As a technology company focused on complex project integrations that unify legacy systems as well as modular solutions that ensure lasting scalability, we work on a multitude of projects that involve custom software development; packaged, open source, and SaaS software integration; infrastructure setup; and production operations and maintenance.
From a technology standpoint, our approach is always agnostic. We work with a Java and .NET backend, web and mobile (all platforms), Amazon and Azure cloud services and infrastructure, and even on-premises deployments.
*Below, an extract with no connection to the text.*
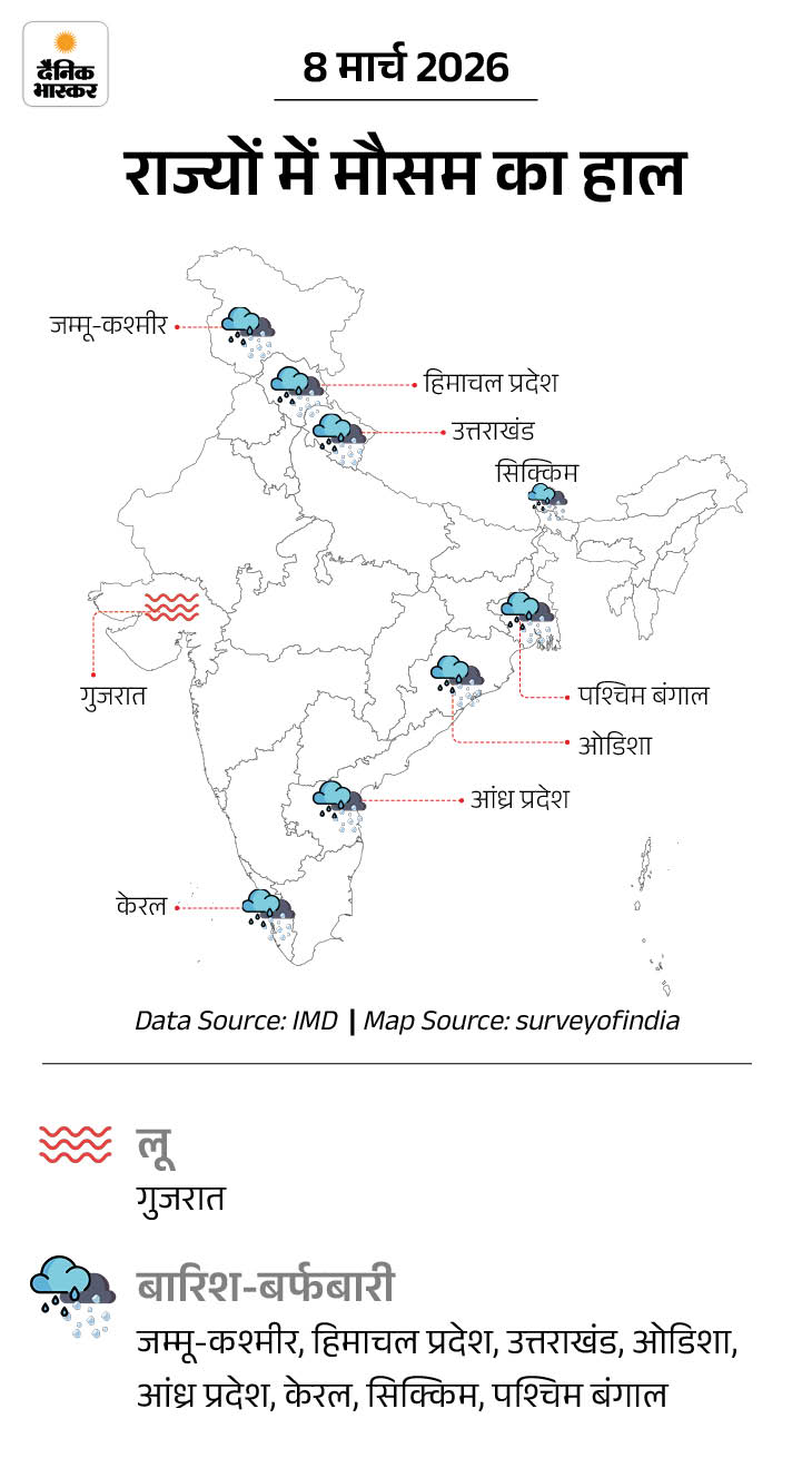 - 9 मार्च- ओडिशा, सिक्किम, पश्चिम बंगाल, झारखंड, बिहार, अरुणाचल प्रदेश में हल्की बारिश की संभावना है। जम्मू-कश्मीर, हिमाचल प्रदेश और उत्तराखंड में बारिश-बर्फबारी की संभावना है।

Containerization has been a de-facto standard for us for quite some time as a way to manage complex systems and processes, but with so much complexity and so many technologies at play, we are always seeking new ways to improve the efficiency of our work, reuse what we do, and focus our team on the unique business requirements of each project.
One way to do this is through the application of a flexible and reliable platform for managing complex multi-component clustered containerization software – building reusable components for various DevOps needs and supporting production operation and reuse.
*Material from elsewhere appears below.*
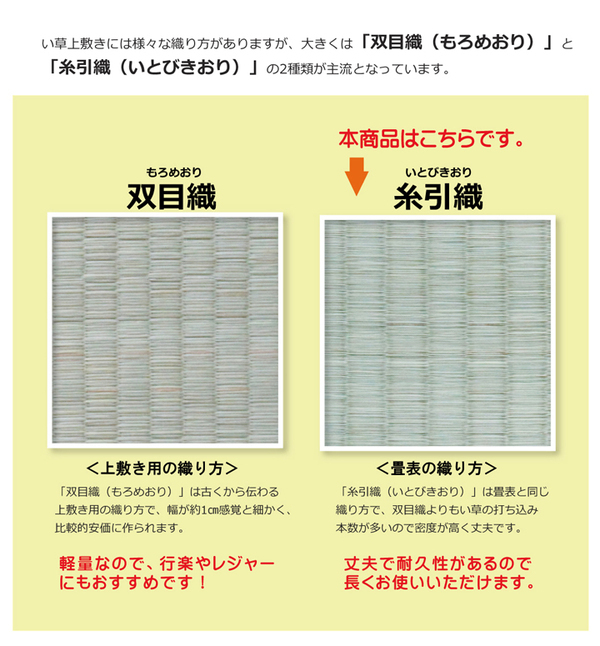 上敷きを敷くだけで畳のお部屋をリフレッシュ出来ます。日焼けしてしまった畳のリフレッシュに、新品の畳を汚さないためのカバーにご使用下さい。長さ120cm程の国産(九州産)い草を使用しています。そのうち約95cmを使用しています。ヘリ際は多少白みを帯びます。(日焼けではありません、い草の根元と先端部分の色です。)い草は長いものほど高級になります。い草は先端部分が赤茶色く、根元が白く真中が青(緑)色です。真中の良質な青の部分を多く使用するほど、丈夫で綺麗な仕上がりとなります。またイ草は使用するうちに日焼けをしますが、真中の青の部分を多く使用したものほど、全体が綺麗にムラなく日焼けし、味が出ます。こちらの商品は畳表と同じ織り方の糸引織で仕上げました。双目織りと比べて、い草の打ち込み本数が多いため丈夫です。表面が滑らかなので、ホコリなどがたまりにくいのが特徴です。長くご使用されたい方や、耐久性をお求めの方には糸引織をおすすめします。国産(九州産)のい草を使用しています。国産い草は一本一本が太く、表皮が厚く繊維がキメ細かいので弾力性があり、耐久性に優れています。い草には空気の清浄化作用、湿度の調節作用があり、汚れにくいといった特徴があります。い草に青森ヒバ加工を施しています。(抗菌、防臭効果)表裏の両面が使えて経済的です。

Among the requirements for the platform, we identified the following:
- Avoiding vendor lock as much as feasible. The platform needed to be portable (able to run on different clouds and on-premises), it had to rely on open standards and protocols. It also needed to serve as the basis for a large number of projects, services, and organizations.
- Suitability for different business environments. This necessitates open source technologies with permissible licenses, the availability of commercial support, as well as free options.
- Scalability. Support for configurations ranging from extra-small (e.g. one physical or virtual node), to large (dozens of nodes), to extra large (hundreds or thousands of nodes).
- Reliability. We needed support for various self-recovery and fail-over scenarios for different environments and scaling.
- Flexibility and feature-richness. We expected a number of features and abstractions necessary for development, efficient DevOps, and production operations automation.
- Ease-of-deployment. Easy to deploy and setup in different environments, preferably out-of-the-box. It also needed to be lightweight, production-ready, and battle-tested.
The Path to the Solution
Several frameworks exist, but the following three made the list of realistic contenders:
- Docker Swarm
- Hashicorp's stack of tools - nomad, consul, etc.
- (And an honorable mention to Apache Mesos)
After some research and prototyping, we identified Kubernetes as the main candidate for our standard DevOps and cluster orchestration platform for a number of reasons.
Kubernetes: The Pros
It’s not the goal of this post to describe in detail how we compared the tools, but I'd like to give a brief summary of where Kubernetes really shines:
- The idea of pods, sets of co-located containers, is very powerful; it solves the same problem as Docker Compose, but in a more elegant fashion. Pods, rather than containers, are actually a workload unit in Kubernetes.
- Flat overlay network address space, where every pod gets a unique IP address, and containers within a pod communicate via localhost.
- "Service" abstraction provides simple service discovery via a stable overlay network IP address for an L3 balanced set of pods.
- DNSfurther enhances service discovery. Pods are able to find services by their names.
- Namespaces. These enable objects to be separated into groups and provide a means for multi-tenancy within a single cluster.
- A rich set of pod controllers available out-of-the-box:
- Deployments, replica sets, and replication controllers for symmetrical clusters;
- Pet sets for clusters where component identity is important;
- Daemon sets for auxiliary components, such as log shippers and backup processes;
- Ingresses for reverse proxy and L7 load balancing; and many more.
- The notion of add-ons, providing “cross-cutting concern” features.
- Rich, persistent storage management capabilities.
- Good integration with most IaaS cloud providers.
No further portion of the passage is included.